Partial Derivatives

[miss_b]

I have two questions that I am having trouble with.

The first is the easy one:

A surface on a 3D cartesian grid is described by the equation \(\displaystyle z = sin(6.56x - 5.23y)\)

Calculate the value of z (I know that one), the slope in the x-direction and the slope in the y-direction at the point where (x,y) are (-1.3, -1.5) **I'm guessing that you apply the chain rule, but I can't get it to work out**

Answer (two decimal places):
f[sub:1w8zqiz6]x[/sub:1w8zqiz6]= 5.09
f[sub:1w8zqiz6]y[/sub:1w8zqiz6] = -4.06


The second question is horrible, mainly because I cannot visualize what it is supposed to look like, if I could get some help starting, that would be brilliant

A flat plane on a 3D cartesian grid is described by the equation \(\displaystyle z = -8.11x - 1.82y - 5.67\)
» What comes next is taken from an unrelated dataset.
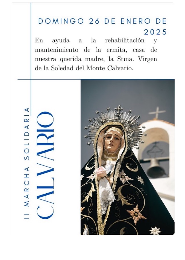 El 26 de enero tendrá lugar la segunda edición de la marcha solidaria que organiza la cofradía de la Soledad del Monte Calvario y que tiene como objetivo recaudar fondos para acometer reparaciones y trabajos de mantenimiento del edificio religioso situado en lo alto del monte del Calvario de Cartagena. La distancia es de 3,5 kilómetros.

** If you were standing at (x,y) = (4.7, -2) in which horizontal direction is the steepest slope downwards?
** In that direction, what is the absolute angle between the surface and the horizontal plane? ~~I don't even understand this bit! Something about the slope when it hits 'ground zero'?? I have no idea!

Answer (two decimal places):
Direction of steepest descent (degrees): 12.65
Absolute angle of steepest descent (degrees): 83.14

Ugh!!

Thank you in advance
Beckie

 

[galactus]

The direction of steepest descent for problem #2:

\(\displaystyle \sqrt{(-8.11)^{2}+(-1.82)^{2}}=8.3117\)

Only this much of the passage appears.